Citius Pharmaceuticals (NASDAQ: CTXR) CEO Interview Update

ABOUT: Citius Pharmaceuticals is a specialty pharmaceutical company dedicated to the development and commercialization of therapeutic products for growing markets. Citius products offer new and expanded indications for previously-approved pharmaceutical products as a means to achieve leading market positioning.

CEO and President: Myron Holubiak

Citius is committed to developing therapies for unmet medical needs with cost-effective products in high growth categories with low developmental risk.

  • Mino-Lok product has advanced to Phase 3 clinical studies.
  • CITI-101 (Mino-Wrap) is a bio-absorbable film impregnated with minocycline and rifampin for reducing acute inflammation and microbial colonization of breast tissue expanders used in breast reconstruction surgeries following mastectomies. More information on this product will be coming soon.
  • CITI-002 is being developed for symptomatic relief of hemorrhoids.  CITI-002 combines the high-potency steroid, halobetasol, with lidocaine.
  • Citius has an experienced management team with demonstrated success in developing and commercializing novel pharmaceutical products.

INTERVIEW TRANSCRIPTS:

WSA:  Good day from Wall Street, this is Juan Costello, Senior Analyst with the Wall Street Analyzer, joining us today is Myron Holubiak, President and CEO for Citius Pharmaceuticals. The company trades on NASDAQ, ticker symbol CTXR. Thanks for joining us today there Myron.

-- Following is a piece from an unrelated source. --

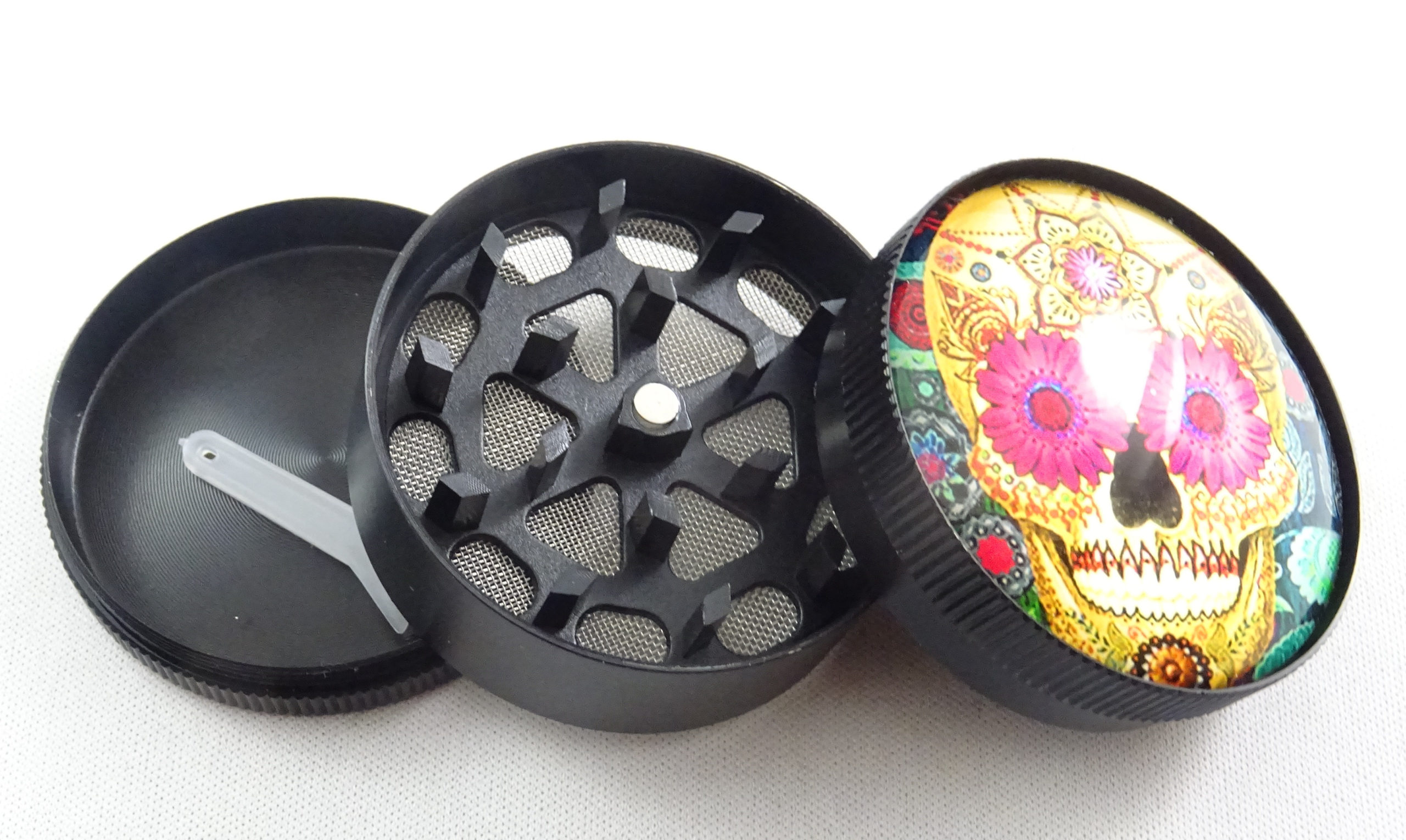 Grinder en métal en 3 parties, 1 partie aimantée avec des dents pour broyer le tabac avec un récupérateur de pollen.
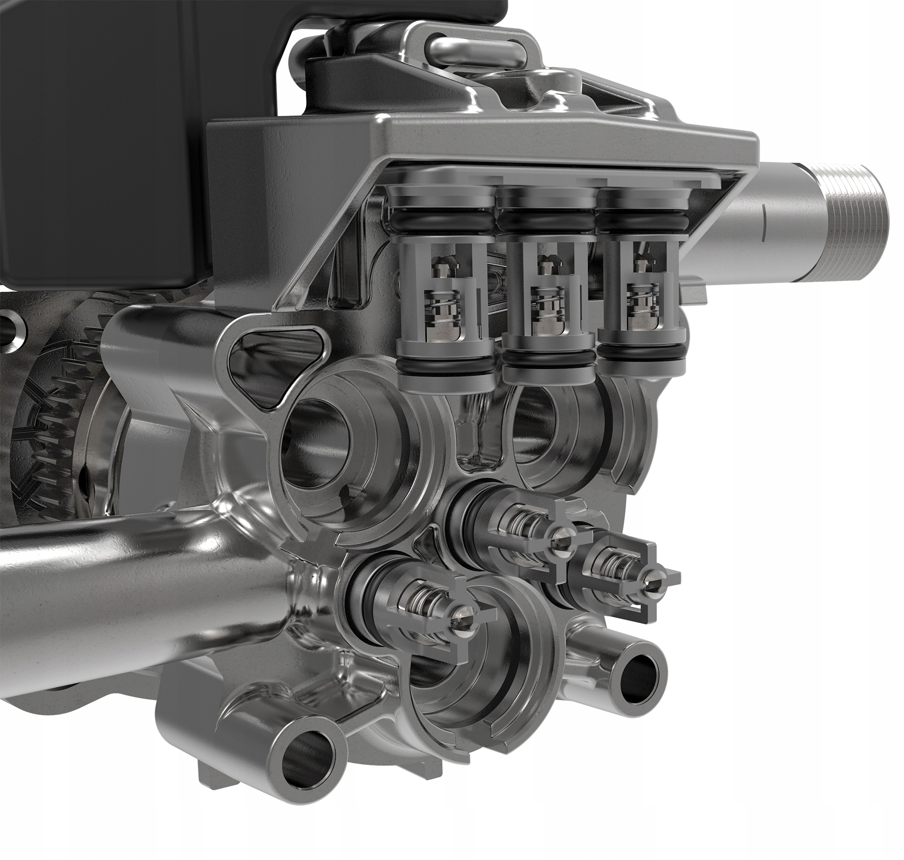 - Trzy tłoki ze stali o wysokiej wytrzymałości, mosiężna głowica pompy z wbudowanym zaworem BYPASS

Myron Holubiak:  It’s my pleasure Juan. Good to talk to you again.

WSA:  Yeah. So for some of our listeners that may still be new to the story which we’ve done few interviews in the past here, but there might still be a couple of stragglers there. Can you give us an overview there of the company?

Myron Holubiak: Sure. Let me start at the very beginning but do it quickly. The company started as Leonard-Meron Biosciences at the end of 2013. Leonard Mazur, he was a serial entrepreneur. He had a lot of major successes in building profitable companies and I had retired from Roche Labs and I was participating on some boards; one especially relevant was BioScrip, which is an IV infusion, a specialty pharmacy company. Leonard and I had been long-term friends. He was at Cooper Labs and I was at Roche Laboratories. And Leonard was also responsible for reintroducing Minocin IV, which is important to our story back to the United States.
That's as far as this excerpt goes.